(Input data begins)
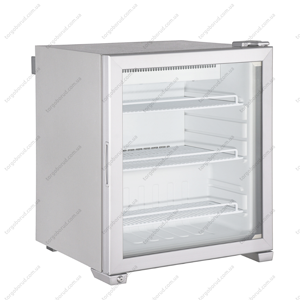 Корпус шкафа изготовлен из металла и имеет серебристое покрытие, что повышает износостойкость и сохраняет опрятный вид. Внутренние стенки из белого пластика легко моются, а три полки с покрытием ПВХ обеспечивают удобную организацию пространства для различных типов продукции. Стеклянные двери шкафа оснащены системой подогрева, которая предотвращает образование конденсата и обеспечивает хорошую видимость содержимого. Также предусмотрен подогрев дверной рамы для стабильной работы даже при повышенной влажности.
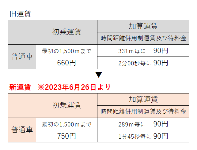 この度、タクシー運賃の改定が公示されましたので2023年6月26日よりタクシー運賃を下表のとおり改定させていただくことになりました。何卒ご理解いただくとともに、今後とも変わらぬご愛顧を賜りますよう、お願い申し上げます。
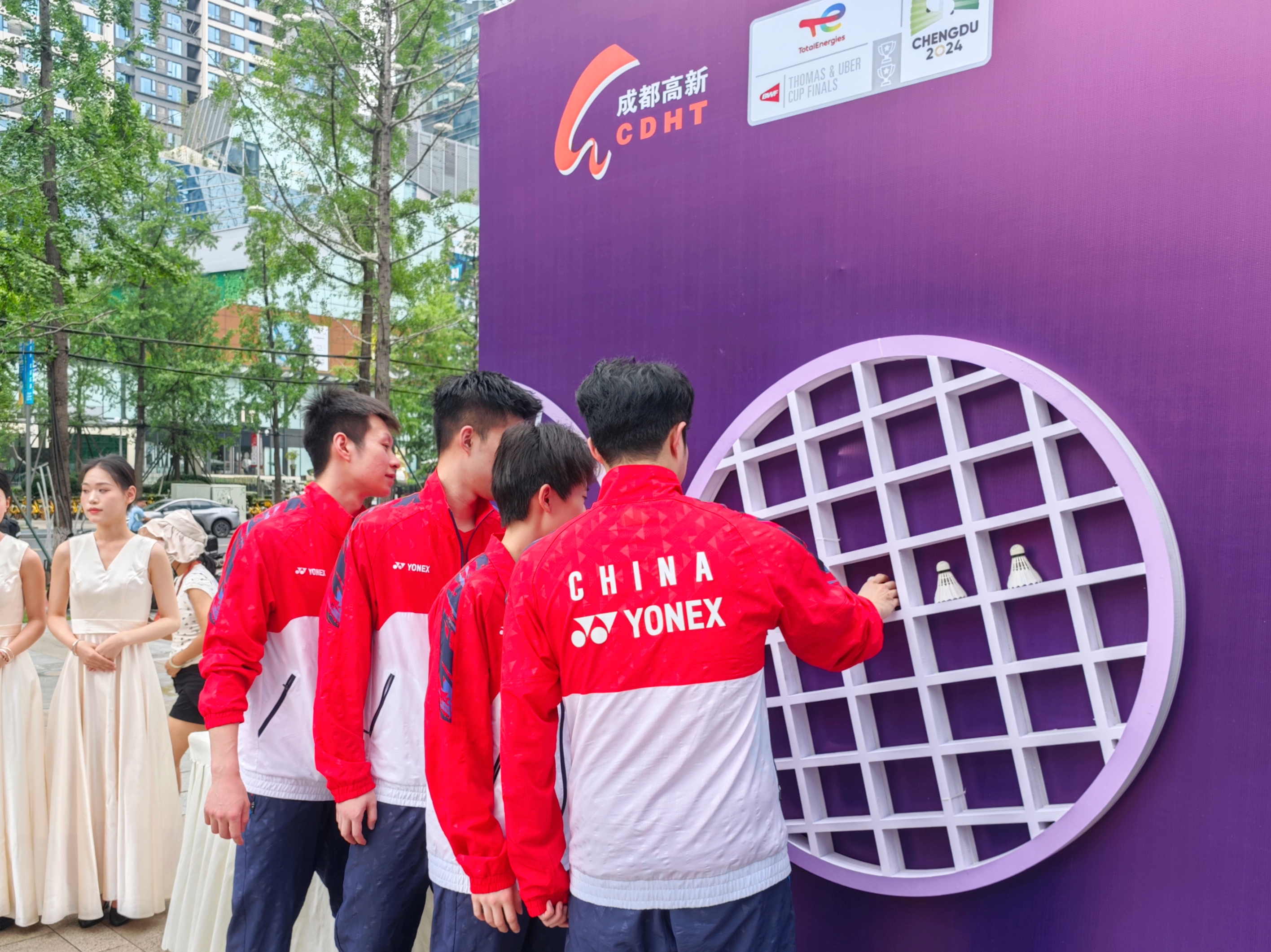 当天下午,国羽冠军翁泓阳、何济霆、任翔宇,陈雨菲、郑雨、张殊贤等一行抵达成都高新区石羊街道锦城社区交子音乐广场。在成都2024汤尤杯文化墙前,工作人员向国羽冠军选手介绍了成都高新区羽毛球系列赛事的超强人气:“每当有羽毛球赛事报名通知发布,市民、学生都积极报名,羽毛球运动日益火热。”成都2024汤尤杯汤尤杯的举办点燃了成都高新区市民的羽毛球运动热情,参与羽毛球运动的市民越来越多。冠军们也不禁为成都高新区群众的运动热情“点赞”。
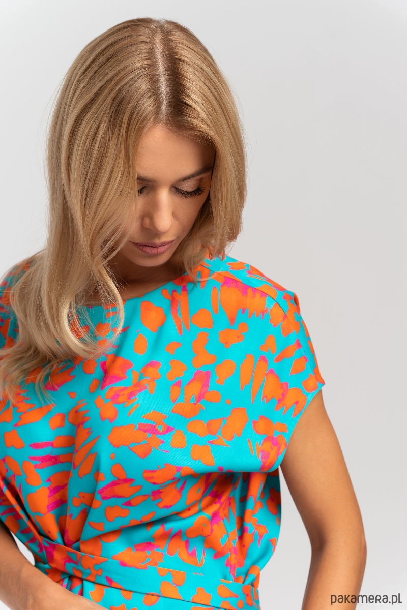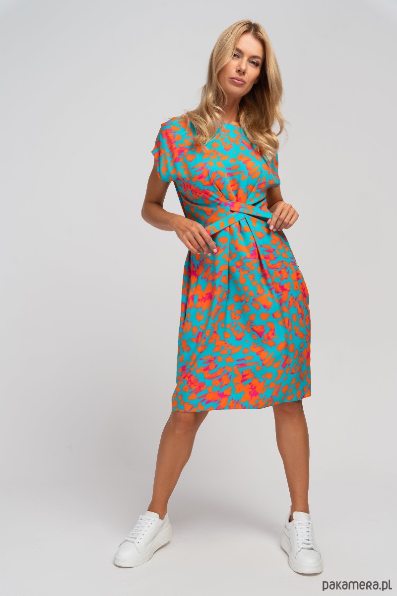 Wiskozowa sukienka bez rękawów, o luźnej formie. Długość midi do kolan. Na biodrach dwie niewidoczne kieszenie, wpuszczone w szwie. W talii z przodu naszyte dwa skrzyżowane paski, które zawiązane z tyłu ładnie podkreślają sylwetkę. Sukienka zapinana jest z tyłu na kryty suwak. Na ramionach wychylenie, które bez szwów tworzy niewielki rękawek. Gładka tkanina z lekkim połyskiem wiskozy przełamana wzorem w intensywnych kolorach.
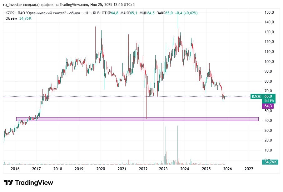 Какие перспективы у акций Казаньоргсинтез после неудачного роста: когда ждать разворота? Поскольку делать в этой бумаге нечего. В рост она не смогла, так что сейчас дорога одна — на отработку шипа и проторговку зоны поддержки. Только там можно думать о каком-то долгосрочном торговом решении. • Целевой диапазон разворота/покупки 41. • Цели в долгосроке: 65, 90, 120. Не является индивидуальной инвестиционной рекомендацией Пост взят с соцсети [M O N D I A R A](https://i.mondiara.com/) 👉 вот ссылка на канал: https://i.mondiara.com/i/c/kazorgsintez_analytics Скачать в [App Store](https://apps.apple.com/ru/app/m-o-n-d-i-a-r-a/id6475953453) Скачать в [Google Play](https://play.google.com/store/apps/details?id=com.mondiara.app) Валюта расчёта - Ваши добрые мысли! Спасибо, что с нами! Источник: Хроники Инвестора
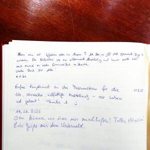 lobenden Kommentare in unserem Besucherbuch. Ab und an gibt es etwas Außergewöhnliches zu lesen. So der Eintrag vom 8. August: „Kann man mit 3 Jahren schon ins Museum? Na klar, es gibt viele spannende Dinge zu entdecken. Das Bilderrätsel war eine willkommene Abwechslung und immer wieder schön auch einmal ein echtes Wimmelbild zu besuchen…“ Das zu lesen hat uns ganz besonders gefreut! Und nun möchten wir allen anderen auch unsere Bilderrätsel empfehlen und viel Spaß damit wünschen. - 15. August 2025
(Input data ends)
The copy must reproduce every entry exactly while excluding all pictures.

Written reply =>
 Корпус шкафа изготовлен из металла и имеет серебристое покрытие, что повышает износостойкость и сохраняет опрятный вид. Внутренние стенки из белого пластика легко моются, а три полки с покрытием ПВХ обеспечивают удобную организацию пространства для различных типов продукции. Стеклянные двери шкафа оснащены системой подогрева, которая предотвращает образование конденсата и обеспечивает хорошую видимость содержимого. Также предусмотрен подогрев дверной рамы для стабильной работы даже при повышенной влажности.
 この度、タクシー運賃の改定が公示されましたので2023年6月26日よりタクシー運賃を下表のとおり改定させていただくことになりました。何卒ご理解いただくとともに、今後とも変わらぬご愛顧を賜りますよう、お願い申し上げます。
 当天下午,国羽冠军翁泓阳、何济霆、任翔宇,陈雨菲、郑雨、张殊贤等一行抵达成都高新区石羊街道锦城社区交子音乐广场。在成都2024汤尤杯文化墙前,工作人员向国羽冠军选手介绍了成都高新区羽毛球系列赛事的超强人气:“每当有羽毛球赛事报名通知发布,市民、学生都积极报名,羽毛球运动日益火热。”成都2024汤尤杯汤尤杯的举办点燃了成都高新区市民的羽毛球运动热情,参与羽毛球运动的市民越来越多。冠军们也不禁为成都高新区群众的运动热情“点赞”。
 Wiskozowa sukienka bez rękawów, o luźnej formie. Długość midi do kolan. Na biodrach dwie niewidoczne kieszenie, wpuszczone w szwie. W talii z przodu naszyte dwa skrzyżowane paski, które zawiązane z tyłu ładnie podkreślają sylwetkę. Sukienka zapinana jest z tyłu na kryty suwak. Na ramionach wychylenie, które bez szwów tworzy niewielki rękawek. Gładka tkanina z lekkim połyskiem wiskozy przełamana wzorem w intensywnych kolorach.
 Какие перспективы у акций Казаньоргсинтез после неудачного роста: когда ждать разворота? Поскольку делать в этой бумаге нечего. В рост она не смогла, так что сейчас дорога одна — на отработку шипа и проторговку зоны поддержки. Только там можно думать о каком-то долгосрочном торговом решении. • Целевой диапазон разворота/покупки 41. • Цели в долгосроке: 65, 90, 120. Не является индивидуальной инвестиционной рекомендацией Пост взят с соцсети [M O N D I A R A](https://i.mondiara.com/) 👉 вот ссылка на канал: https://i.mondiara.com/i/c/kazorgsintez_analytics Скачать в [App Store](https://apps.apple.com/ru/app/m-o-n-d-i-a-r-a/id6475953453) Скачать в [Google Play](https://play.google.com/store/apps/details?id=com.mondiara.app) Валюта расчёта - Ваши добрые мысли! Спасибо, что с нами! Источник: Хроники Инвестора
 lobenden Kommentare in unserem Besucherbuch. Ab und an gibt es etwas Außergewöhnliches zu lesen. So der Eintrag vom 8. August: „Kann man mit 3 Jahren schon ins Museum? Na klar, es gibt viele spannende Dinge zu entdecken. Das Bilderrätsel war eine willkommene Abwechslung und immer wieder schön auch einmal ein echtes Wimmelbild zu besuchen…“ Das zu lesen hat uns ganz besonders gefreut! Und nun möchten wir allen anderen auch unsere Bilderrätsel empfehlen und viel Spaß damit wünschen. - 15. August 2025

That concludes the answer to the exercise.